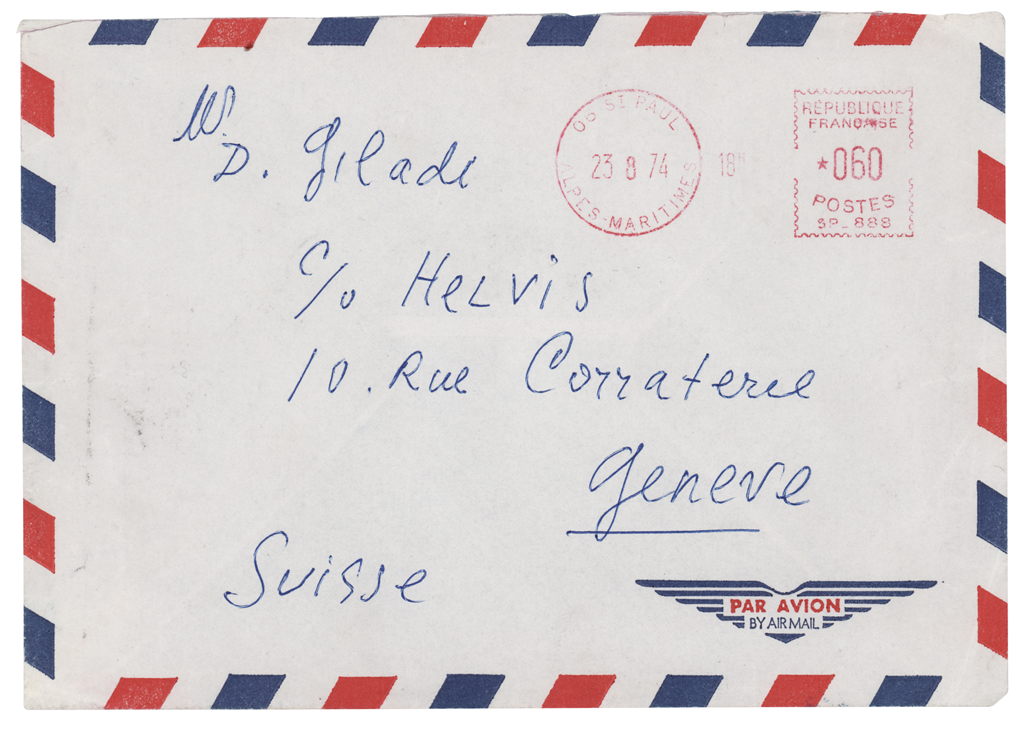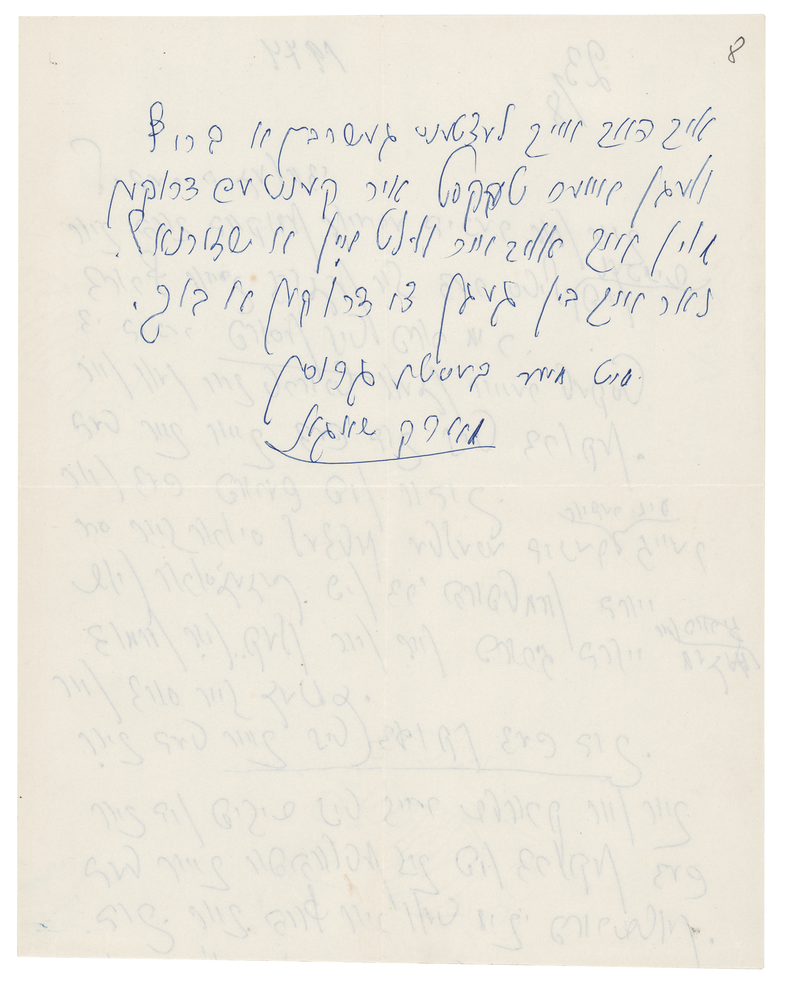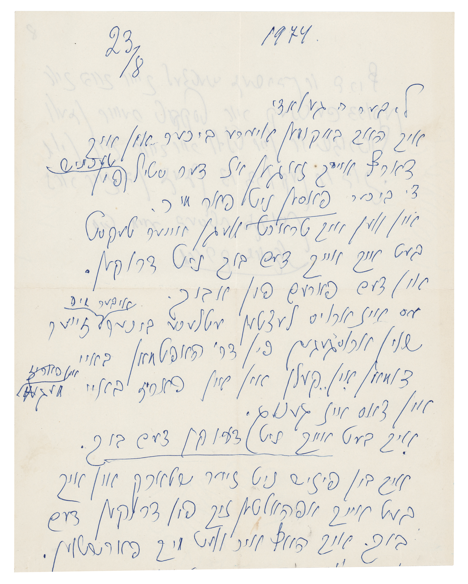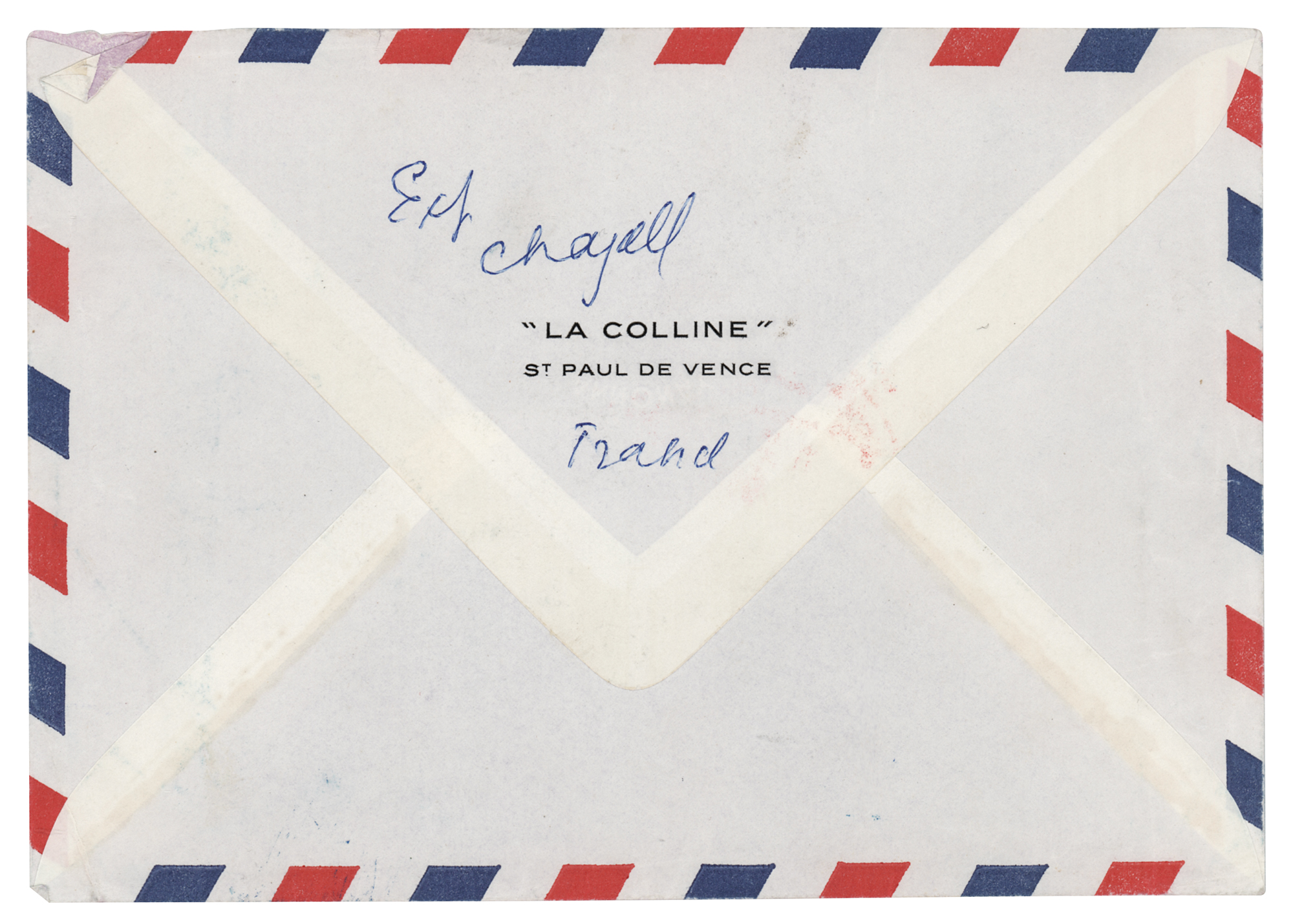 ALS in Yiddish, one page both sides, 8.25 x 10.5, August 23, 1974. Handwritten letter to David Giladi, a Jewish art dealer and a collector of Chagall's work, in full (translated): "I have received your books and I would like to tell you that the subtle hints in them are not to my liking and do not suit me. And when I think about the text, I must ask you not to print them in the form of a book. Several books were published recently by Dr. Hauptman from Köln, and I think that's enough. I will ask you not to print the book. I'm not at my best, and I would ask you to postpone the printing of the book. I hope you understand me. I recently wrote to you about the text. You can print it, if you like, in a Journal, but I object to print it as a book." In fine condition. Accompanied by the original mailing envelope, addressed in Chagall's own hand and adding his surname, "Chagall," in the return address on the flap.
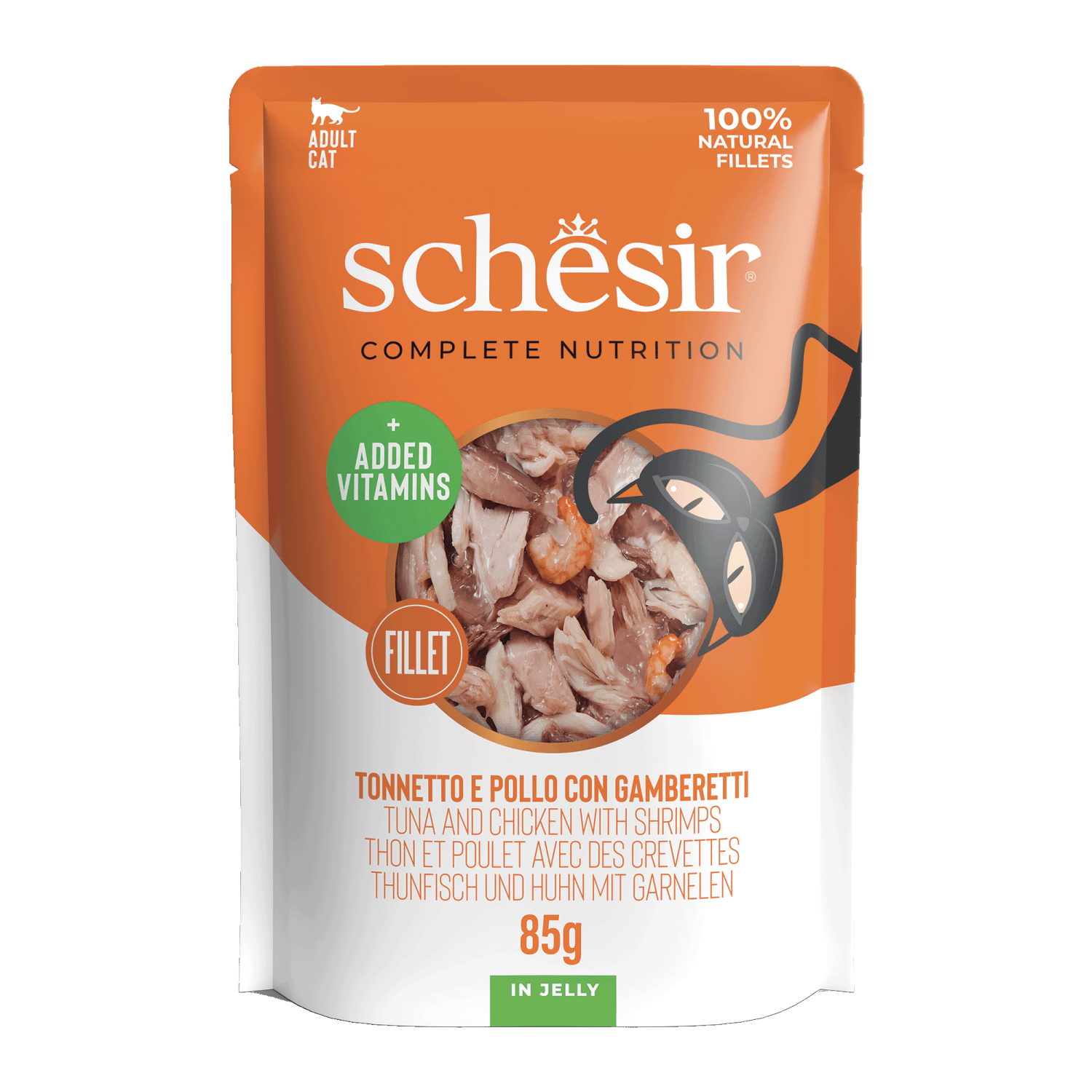 Συστατικά: Τόνος 34%, φιλετάκια κοτόπουλου 23%, γαρίδες 6%, ρύζι 1,5%, Πρωτεΐνη 13,00%, ολικές λιπαρές ουσίες 1,50%, oλικές ινώδεις ουσίες, 0,10%, oλική τέφρα 1,00%, υγρασία 84%, Βιτ. A 1325 UI, βιτ. E 15 mg, ταυρίνη 160 mg
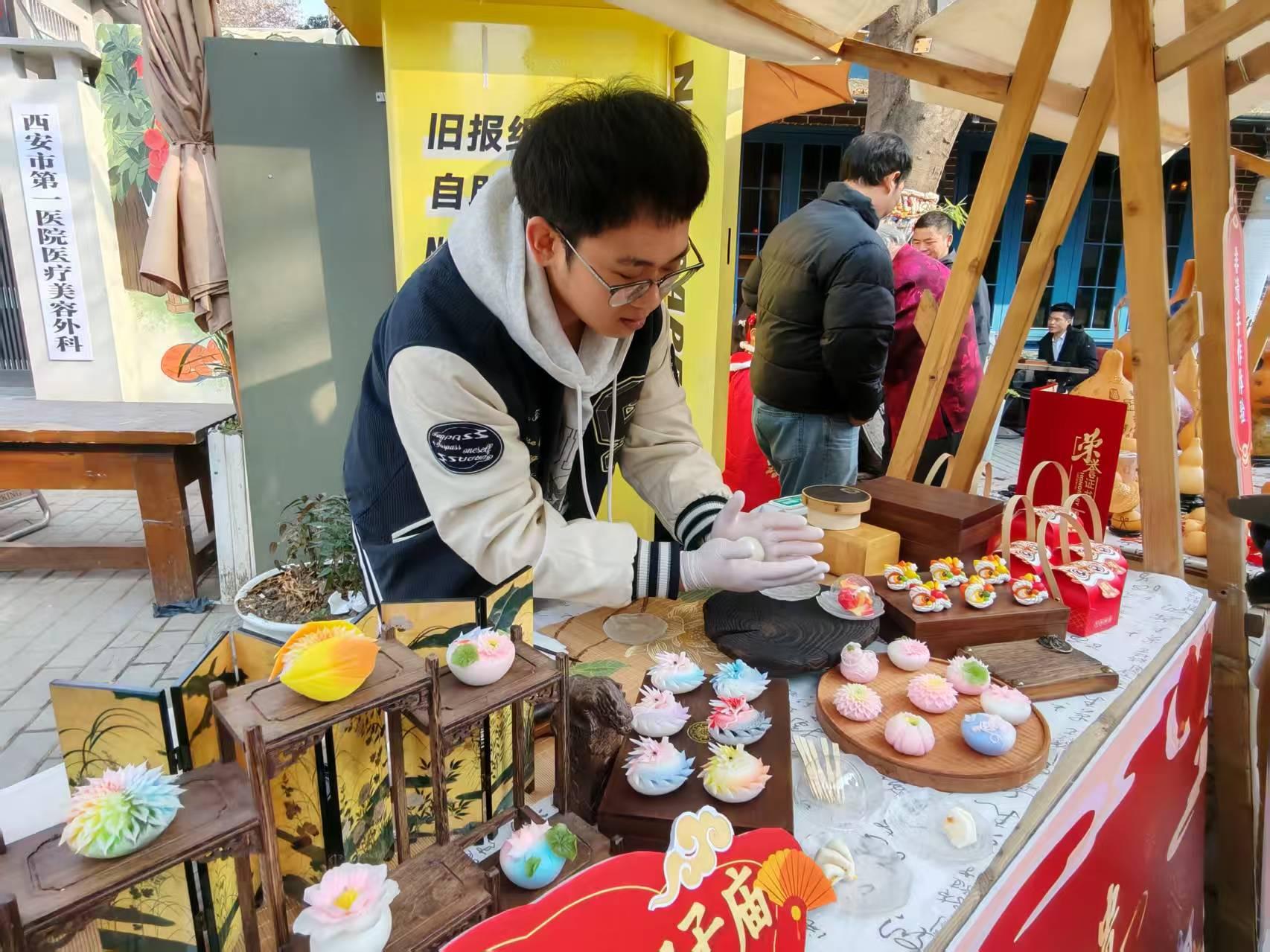 “指尖非遗·德福同行”非遗市集同样人气爆棚。7个非遗手作摊位沿街区分散排布,唐果子、花饽饽、碑林彩塑、关中葫芦、嵌扣香囊、乌金拓、传统结绳等特色项目,以唐诗为灵感,让传统文化在指尖流转。非遗代表性传承人手把手教学,游客和亲子家庭沉浸式学习体验传统技艺的魅力。捏制“桃之夭夭”主题唐果子,在软糯口感中品味唐风雅韵;勾勒唐诗意境彩塑,在色彩与线条中培育工匠精神;雕刻“福禄”葫芦,将诗词名句绘于器身;缝制嵌扣香囊,把艾草清香与亲情祝福藏于锦袋,复刻唐诗中的雅致情愫。
=-=-=
What the task asks ::
If a picture appears in the data, omit it; transcribe all the rest exactly.

Task result ::
 ALS in Yiddish, one page both sides, 8.25 x 10.5, August 23, 1974. Handwritten letter to David Giladi, a Jewish art dealer and a collector of Chagall's work, in full (translated): "I have received your books and I would like to tell you that the subtle hints in them are not to my liking and do not suit me. And when I think about the text, I must ask you not to print them in the form of a book. Several books were published recently by Dr. Hauptman from Köln, and I think that's enough. I will ask you not to print the book. I'm not at my best, and I would ask you to postpone the printing of the book. I hope you understand me. I recently wrote to you about the text. You can print it, if you like, in a Journal, but I object to print it as a book." In fine condition. Accompanied by the original mailing envelope, addressed in Chagall's own hand and adding his surname, "Chagall," in the return address on the flap.
 Συστατικά: Τόνος 34%, φιλετάκια κοτόπουλου 23%, γαρίδες 6%, ρύζι 1,5%, Πρωτεΐνη 13,00%, ολικές λιπαρές ουσίες 1,50%, oλικές ινώδεις ουσίες, 0,10%, oλική τέφρα 1,00%, υγρασία 84%, Βιτ. A 1325 UI, βιτ. E 15 mg, ταυρίνη 160 mg
 “指尖非遗·德福同行”非遗市集同样人气爆棚。7个非遗手作摊位沿街区分散排布,唐果子、花饽饽、碑林彩塑、关中葫芦、嵌扣香囊、乌金拓、传统结绳等特色项目,以唐诗为灵感,让传统文化在指尖流转。非遗代表性传承人手把手教学,游客和亲子家庭沉浸式学习体验传统技艺的魅力。捏制“桃之夭夭”主题唐果子,在软糯口感中品味唐风雅韵;勾勒唐诗意境彩塑,在色彩与线条中培育工匠精神;雕刻“福禄”葫芦,将诗词名句绘于器身;缝制嵌扣香囊,把艾草清香与亲情祝福藏于锦袋,复刻唐诗中的雅致情愫。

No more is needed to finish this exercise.